▶ **Work item**
From the line below containing "綿陽藍奧機器人有限公司智能裝車機器人產業園項目職業病危害預評價" to the final line, print each line exactly as written. No pictures belong in the copy.

▶ **Provided information**
○ ○ ○ ○
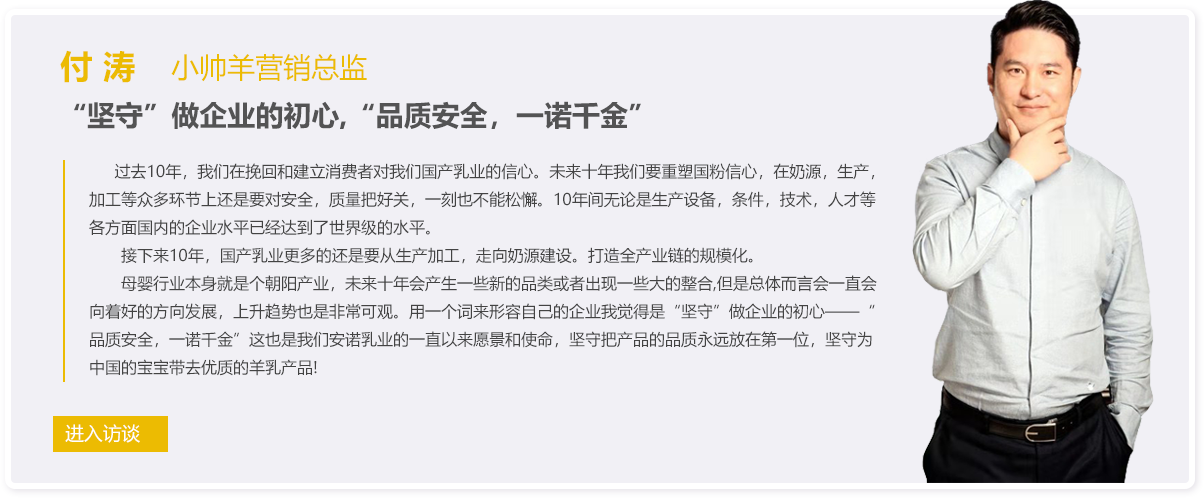 我從事母嬰行業已經5年了,目前有50余家門店。小帥羊進駐我們宏勝商貿公司以來,以年輕、親和的“黃金陣營“迅速得到各門店的歡迎。如今羊奶粉特別受新一代家庭的信賴,小帥羊根據總部的活動推廣,客戶有媽媽班,導購有紅包激勵,店老板有訂貨政策,我們統統發動門店執行落地。相信在未來發展的道路上,我們宏勝能與小帥羊相互成就,合作共贏。
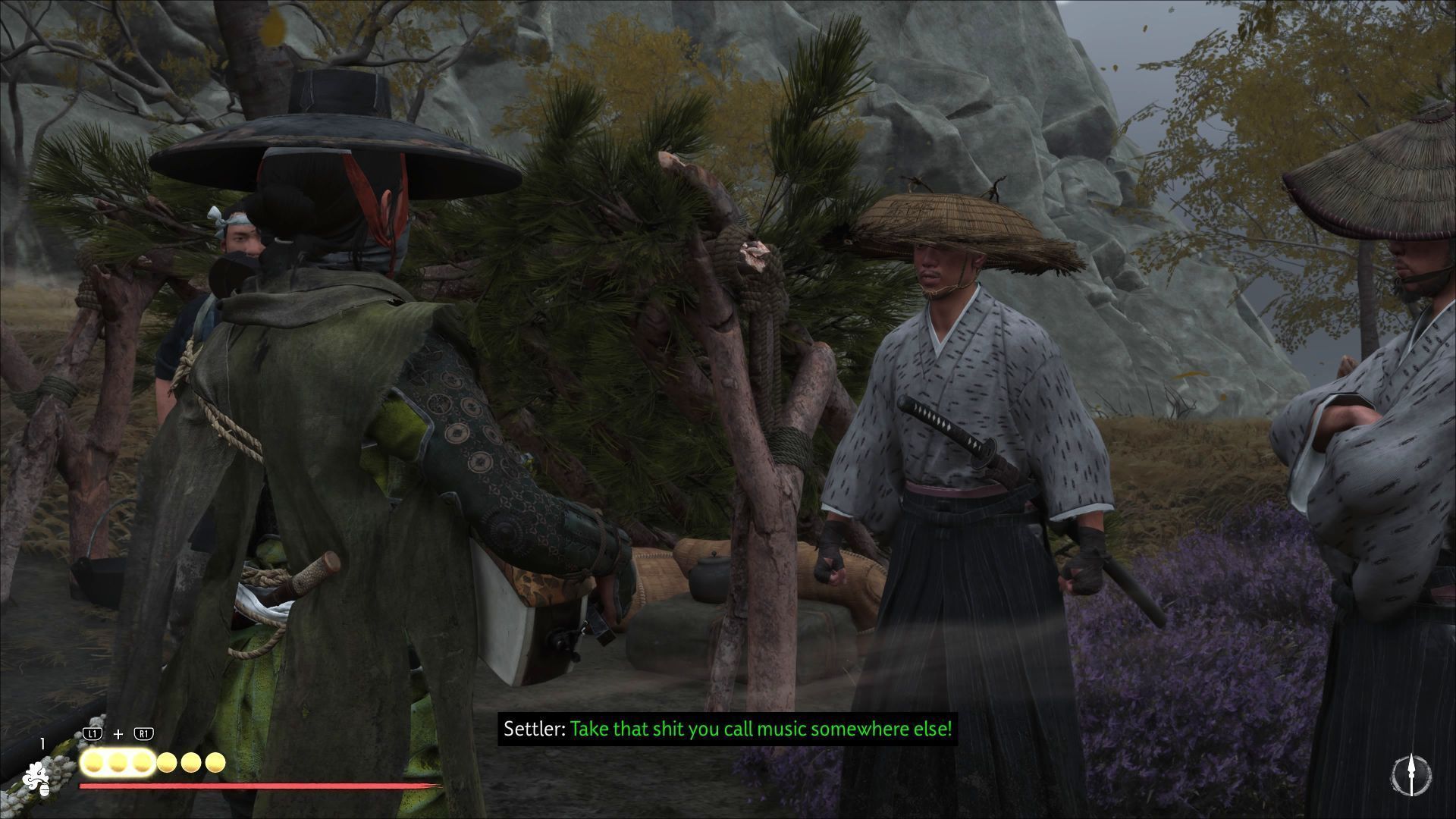 - Smiling Yoshitomo - the mini-boss will join you when you light a fire in the abandoned camp in the southern part of the map. After a short conversation, combat will ensue. After the fight, you will also receive the Smiling Kabuto-Mushi Loadout.
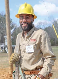 “I knew I wanted to be a lineman from family and friends in the industry. I like working with my hands, being outside, and doing something di erent every day,” Adams said.
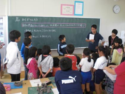 子どもが友達の作品を鑑賞し合うことによって、互いの良さやおもしろさを感じ合う。が単元の目標です。
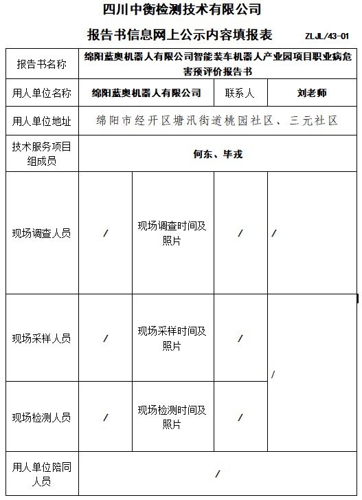 綿陽藍奧機器人有限公司智能裝車機器人產業園項目職業病危害預評價
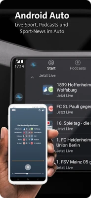 Das funktioniert auch im Auto: Mit Android Auto kannst du dein App-Erlebnis ins Auto verlängern. Genieße Live-Sport beim Fahren, tauche in unsere Podcasts ein oder informiere dich aktuell über die wichtigsten Sportereignisse währen du unterwegs bist.
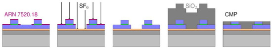 For capacitors with plates in both wiring layers (Figure 7c) and for capacitors with plates in the trilayer and the second wiring layer (Figure 7d), we obtain d = (290 ± 6) and (305 ± 6) nm, which is 97% and 101%, respectively, of the intended thickness of the SiO2-2 layer. The differences to the desired value are within the accuracy of the measurement. Since no CMP step was used for those capacitors, the thickness of the deposited SiO2-2 layer could be adjusted precisely and therefore, the capacitances match the designed values accurately.
○ ○ ○ ○
▶ **Written response**
 綿陽藍奧機器人有限公司智能裝車機器人產業園項目職業病危害預評價
 Das funktioniert auch im Auto: Mit Android Auto kannst du dein App-Erlebnis ins Auto verlängern. Genieße Live-Sport beim Fahren, tauche in unsere Podcasts ein oder informiere dich aktuell über die wichtigsten Sportereignisse währen du unterwegs bist.
 For capacitors with plates in both wiring layers (Figure 7c) and for capacitors with plates in the trilayer and the second wiring layer (Figure 7d), we obtain d = (290 ± 6) and (305 ± 6) nm, which is 97% and 101%, respectively, of the intended thickness of the SiO2-2 layer. The differences to the desired value are within the accuracy of the measurement. Since no CMP step was used for those capacitors, the thickness of the deposited SiO2-2 layer could be adjusted precisely and therefore, the capacitances match the designed values accurately.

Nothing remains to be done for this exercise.